In his introduction, he says:  ‘The only excuse for a brief study like this is that Paul’s world remains a closed book for so many regular churchgoers – never mind the numerous others who hear Paul’s name and are distantly aware that he was important at the beginnings of Christianity.  Both believers and non-believers are quite likely to have picked up a set of assumptions about Paul – that he had a problem about women’s role in the Church, that he was against sex in general and homosexuality in particular, that he supported slavery, that he changed the simple teaching of Jesus into a complicated philosophy or mythology…There are plenty of good twenty-first century reasons, it seems, to write him off.’
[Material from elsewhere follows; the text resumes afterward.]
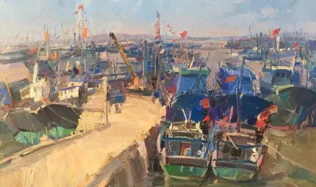 有關于日出題材的油畫創作很多,最知名的要數莫奈的日出印象。油畫自西方而來,經過歷年歷代,在全球文化交匯的情境中,中國的油畫藝術家不斷將中國文化主題與思想觀念融入其中,使之也成為了中國畫家表達文化情懷的語言之一。范迪安的這幅日出東海,一方面汲取了西方藝術的營養,同時更意在展現他一貫對于“寫意油畫”的探索。寫意,是中國藝術傳統的重要特征。他認為,寫意油畫是當代中國油畫的一種新的學術現象,也體現了中國油畫家新的文化選擇。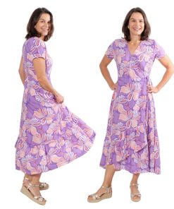 Dieser Viskose Stoff ist leicht fallend und hat eine tolle Haptik, Abbildung Schnittmuster Bluse Dora und Wickelkleid Safia in anderer Musterung zur Inspiration.

‘But in fact these half-understood assumptions obscure nearly everything of what makes Paul really interesting and exciting.’  Bishop Rowan believes that we need to read Paul with a sense of his own intense conviction that he was exploring a new country. He took the traditions and practices which grew out of the mysterious events around and after Jesus’ death and struggled with all his intellectual and imaginative skill to see the patterns that held them together. He is striving to do justice to that which confronts him in these stories and practice. He is not improvising a new religious system.  Paul has not left us a textbook of systematic theology, but letters addressed to various communities with differing problems.  Sometimes he leaves loose ends as he tries to bring it all together in a consistent pattern.  Often he uncovers a set of interconnections so profound that they have set the agenda for centuries of further discussion and elaboration.  He is never looking for religious theories for their own sake; he is always asking what must be true about God, about Jesus, about the human condition, about the non-human world, if the prayer and practice of the early Christians he knew is to make some kind of sense, to them as well as to their neighbours.

The simple fact is that you and I are here this evening, listening to Paul defending his calling by Jesus Christ to his own people, as the consequence of that vocation –  announced on the Damascus road, repeated in that vision in the Temple when Jesus speaks to him again,  responded to faithfully over years of hardship and opposition. That calling has brought him into conflict with his own people; something which will cause him huge anguish (Romans 9-11). It will take him from Jerusalem to Rome and to death.  But God sending Paul to the Gentiles, to witness to that universal love, which breaks out of the confines of Judaism, is why we are here tonight. It is why we must go on wrestling with him.